The Hydrogen Poland Association and the Hungarian Hydrogen Technology Association – HHTA have gone ahead and signed one of low-emission hydrogen, green ammonia deals. On the same day, in Tokyo, Prime Minister Donald Tusk and Prime Minister Sanae Takaichi signed a broad strategic partnership agreement between Poland and Japan, as part of another set of hydrogen, green ammonia deals which included hydrogen and ammonia technologies as vital to economic security.
The dates are no coincidence. It is a sign of the states’ joint efforts to transform the experience of the March 2026 crisis into practical strategic choices.
Background – the limitations of tactical solutions
Since the conflict between the USA, Israel, and Iran in March 2026, the Strait of Hormuz has been closed. The magnitude of the shock is highlighted by the fact that 94.2% of Japan’s oil imports in February 2026 were from the Middle East.
Tokyo’s response was unprecedented. On 16 March, Japan announced its largest-ever release from strategic reserves, of 80 million barrels, or the equivalent of 15 days of private reserve demand and one month of national reserve demand, while lowering the private stockholding requirement from 70 days to 55 days. The government announced another release on April 10, equivalent to 20 days of consumption, starting in May. Prime Minister Takaichi said Japan will receive more than half of its imports through routes other than Hormuz by May.

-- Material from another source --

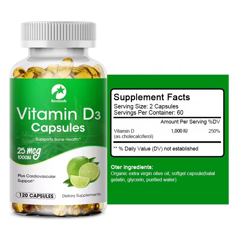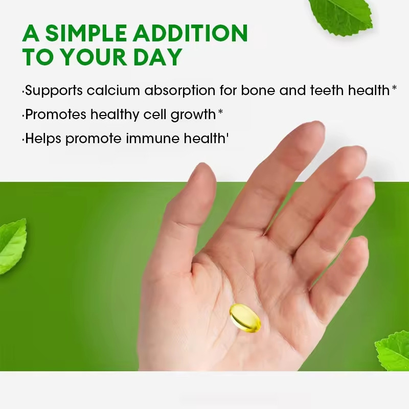 Ingredients: Vitamin D, MCT Oil(Medium Chain Triglycerides form coconut), Effect: Bone Health, Healthy Teeth, Immune Support, Cardiovascular Health, Muscle Health, Calcium Absorption Features: 1. 100% brand new and high quality. 2. Vitamin D is essential for the normal functioning of many important systems in the body and is needed for a healthy immune system. 3. Vitamin D may help support bone health as part of a healthy diet rich in calcium and other minerals. 4. Adequate levels of vitamin D can support a positive mood. How to use: Take 3-5 capsules once a day! Caution: Store bottle upright at room temperature. Keep out of the reach of children. Do not use if security seal is broken or missing.

The biggest strategic reserves in the world are not a structural solution but a time buffer. The latter implies a change of the energy carrier and its geographical origin. That’s the point of the April 15 agreements.

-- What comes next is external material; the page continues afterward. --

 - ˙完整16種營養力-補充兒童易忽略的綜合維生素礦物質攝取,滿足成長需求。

What’s inside the Warsaw-Budapest MoU?
Aleksander Naumann from Hydrogen Poland and Zoltán Butsi from HHTA signed the agreement, which sets a framework for cooperation in regulatory and market matters.
The key priorities are:
- Legal framework for a European green ammonia supply chain
- Advancing as well as refining RFNBO – Renewable Fuels of Non-Biological Origin regulations
- Conditions for setting up a Regional Hydrogen Bank or any other OPEX support scheme for renewable hydrogen production in Central Europe
The cooperation also goes on to include the exchange of experience from pilot projects and the coordination of positions on certification and guarantees of origin.

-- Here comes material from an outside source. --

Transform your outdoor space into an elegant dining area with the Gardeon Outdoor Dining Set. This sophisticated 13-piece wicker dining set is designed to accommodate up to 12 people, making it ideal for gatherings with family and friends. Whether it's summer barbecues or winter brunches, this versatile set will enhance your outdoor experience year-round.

What the Warsaw-Tokyo partnership means?
Prime Minister Donald Tusk’s as well as Prime Minister Sanae Takaichi’s agreement paves the way for Poland to access Japan’s mature ammonia technology ecosystem, from green ammonia-powered burners and boilers to maritime logistics and long-term contracting structures.
These are capabilities that Europe does not have on a similar scale but are crucial for import projects under development across the Mediterranean basin and the Red Sea region, including the Gulf of Aqaba.